◆ Exercise brief: Pictures in the data should be dropped; transcribe exactly the lines from the one that has "Kanhai Jewels offers" through the one that has "TPEは、やわらかさと弾力性".

◆ Dataset records:
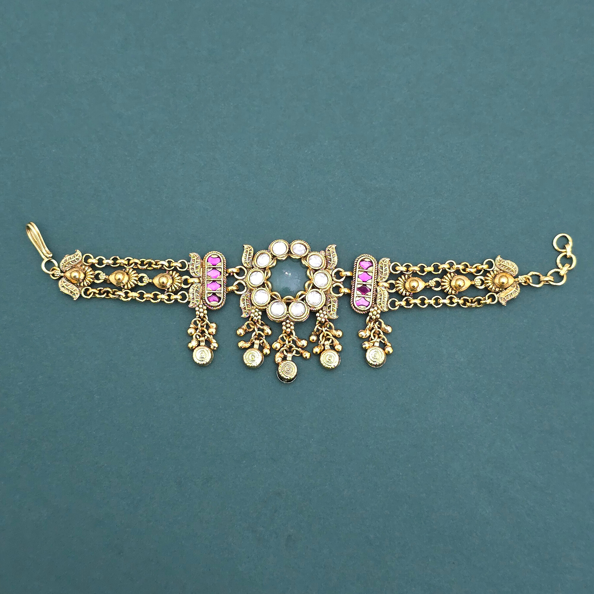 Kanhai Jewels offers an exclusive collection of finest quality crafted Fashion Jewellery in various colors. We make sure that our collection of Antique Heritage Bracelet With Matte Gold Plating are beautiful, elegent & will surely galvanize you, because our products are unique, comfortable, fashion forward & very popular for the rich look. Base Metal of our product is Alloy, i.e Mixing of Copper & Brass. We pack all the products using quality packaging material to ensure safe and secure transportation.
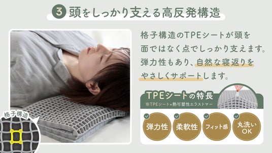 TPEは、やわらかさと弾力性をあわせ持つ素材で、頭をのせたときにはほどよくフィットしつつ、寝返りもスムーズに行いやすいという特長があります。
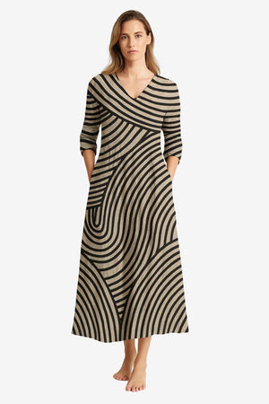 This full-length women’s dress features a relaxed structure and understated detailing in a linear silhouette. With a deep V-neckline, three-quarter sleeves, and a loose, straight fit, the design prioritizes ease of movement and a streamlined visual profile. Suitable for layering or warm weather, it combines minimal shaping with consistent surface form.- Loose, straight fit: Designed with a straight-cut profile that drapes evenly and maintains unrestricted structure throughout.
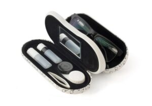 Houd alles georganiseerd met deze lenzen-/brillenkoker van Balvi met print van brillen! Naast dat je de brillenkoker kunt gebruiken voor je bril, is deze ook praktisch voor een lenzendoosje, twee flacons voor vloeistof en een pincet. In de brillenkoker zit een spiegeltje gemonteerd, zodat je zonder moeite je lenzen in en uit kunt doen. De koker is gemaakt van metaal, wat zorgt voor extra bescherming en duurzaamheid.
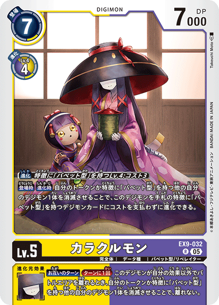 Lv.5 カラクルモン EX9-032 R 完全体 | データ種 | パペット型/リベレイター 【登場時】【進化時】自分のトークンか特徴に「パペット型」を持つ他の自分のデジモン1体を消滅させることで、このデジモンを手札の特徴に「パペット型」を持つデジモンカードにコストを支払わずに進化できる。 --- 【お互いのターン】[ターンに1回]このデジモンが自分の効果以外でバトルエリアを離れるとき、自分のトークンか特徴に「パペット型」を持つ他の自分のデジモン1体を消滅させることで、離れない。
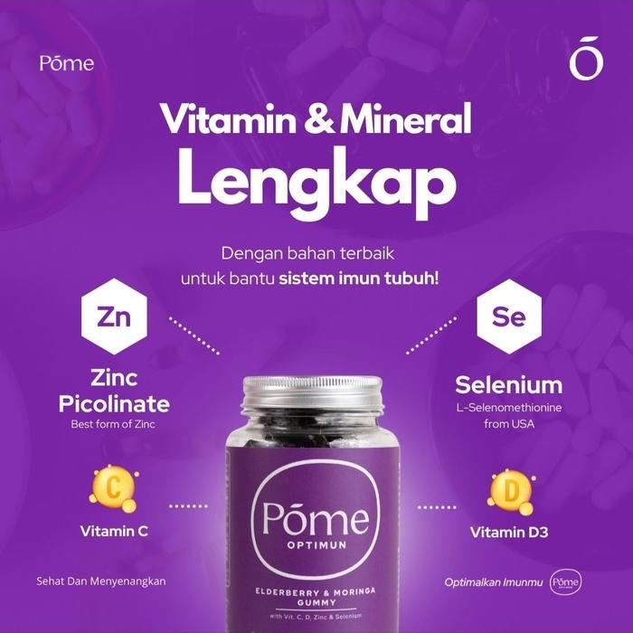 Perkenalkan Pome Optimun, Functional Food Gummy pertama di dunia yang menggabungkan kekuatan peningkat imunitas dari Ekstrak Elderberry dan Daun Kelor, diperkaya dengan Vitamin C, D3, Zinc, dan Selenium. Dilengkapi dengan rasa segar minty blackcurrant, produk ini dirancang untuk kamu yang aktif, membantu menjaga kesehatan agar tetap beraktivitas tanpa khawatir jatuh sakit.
---
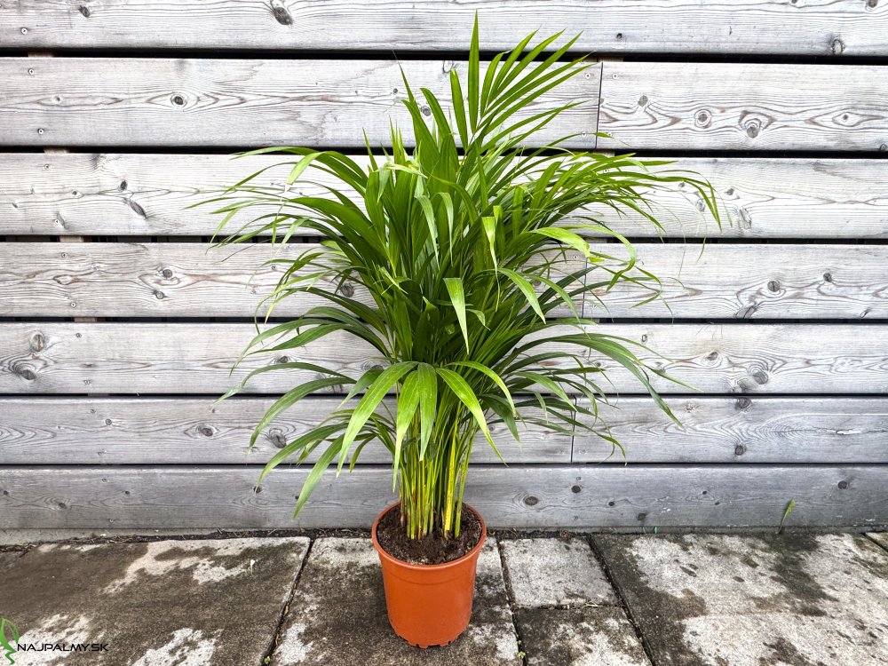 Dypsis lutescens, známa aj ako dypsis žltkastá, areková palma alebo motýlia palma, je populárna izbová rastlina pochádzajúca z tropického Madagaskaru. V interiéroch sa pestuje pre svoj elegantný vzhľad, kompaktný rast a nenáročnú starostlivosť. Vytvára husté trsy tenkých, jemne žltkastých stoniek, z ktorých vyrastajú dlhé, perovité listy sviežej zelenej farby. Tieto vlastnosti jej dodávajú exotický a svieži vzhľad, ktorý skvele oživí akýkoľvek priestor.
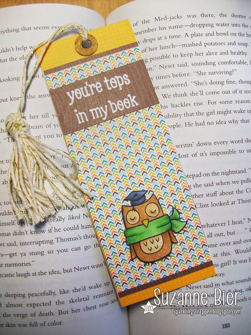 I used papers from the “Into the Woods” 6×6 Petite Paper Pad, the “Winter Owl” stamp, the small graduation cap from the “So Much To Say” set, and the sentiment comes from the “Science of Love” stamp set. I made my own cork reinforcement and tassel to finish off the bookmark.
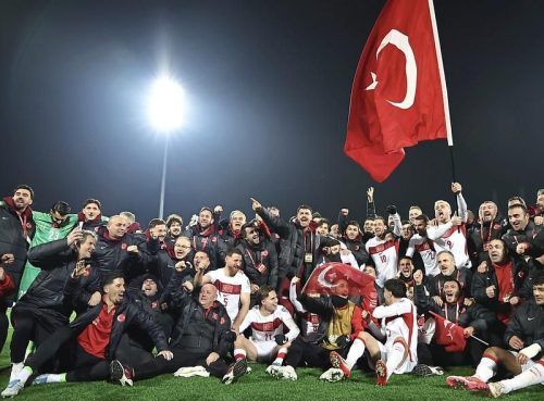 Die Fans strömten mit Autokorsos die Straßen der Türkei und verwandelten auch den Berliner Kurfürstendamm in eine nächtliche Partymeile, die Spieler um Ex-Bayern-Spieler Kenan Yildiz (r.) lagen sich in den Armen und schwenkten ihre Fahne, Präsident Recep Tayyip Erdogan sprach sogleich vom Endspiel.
* * *
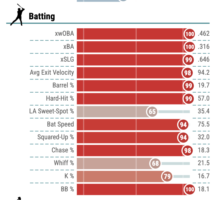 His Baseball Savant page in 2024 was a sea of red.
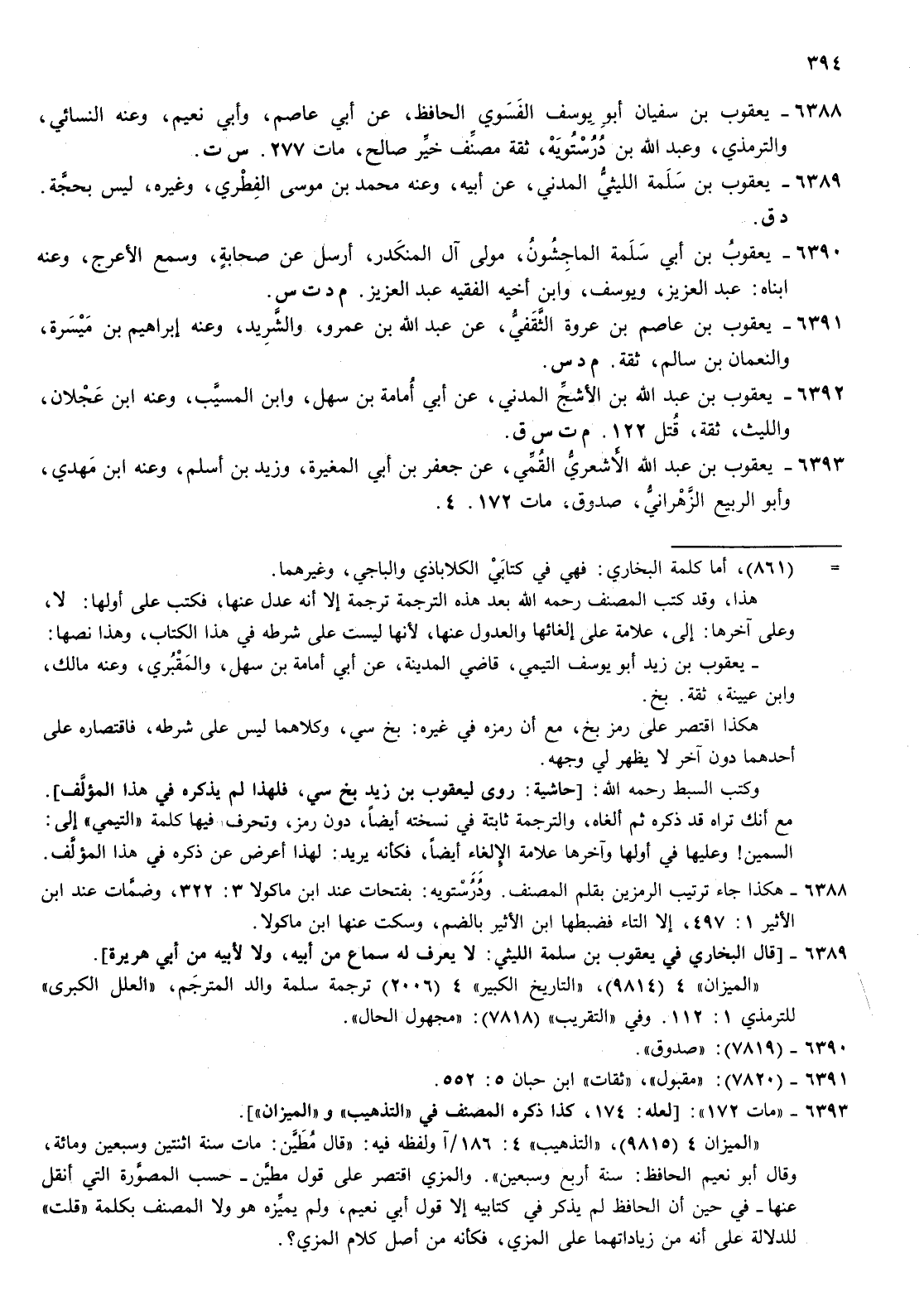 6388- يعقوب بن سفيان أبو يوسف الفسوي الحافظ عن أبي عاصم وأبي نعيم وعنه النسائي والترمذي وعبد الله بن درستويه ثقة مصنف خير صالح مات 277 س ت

◆ Task response:
 Kanhai Jewels offers an exclusive collection of finest quality crafted Fashion Jewellery in various colors. We make sure that our collection of Antique Heritage Bracelet With Matte Gold Plating are beautiful, elegent & will surely galvanize you, because our products are unique, comfortable, fashion forward & very popular for the rich look. Base Metal of our product is Alloy, i.e Mixing of Copper & Brass. We pack all the products using quality packaging material to ensure safe and secure transportation.
 TPEは、やわらかさと弾力性をあわせ持つ素材で、頭をのせたときにはほどよくフィットしつつ、寝返りもスムーズに行いやすいという特長があります。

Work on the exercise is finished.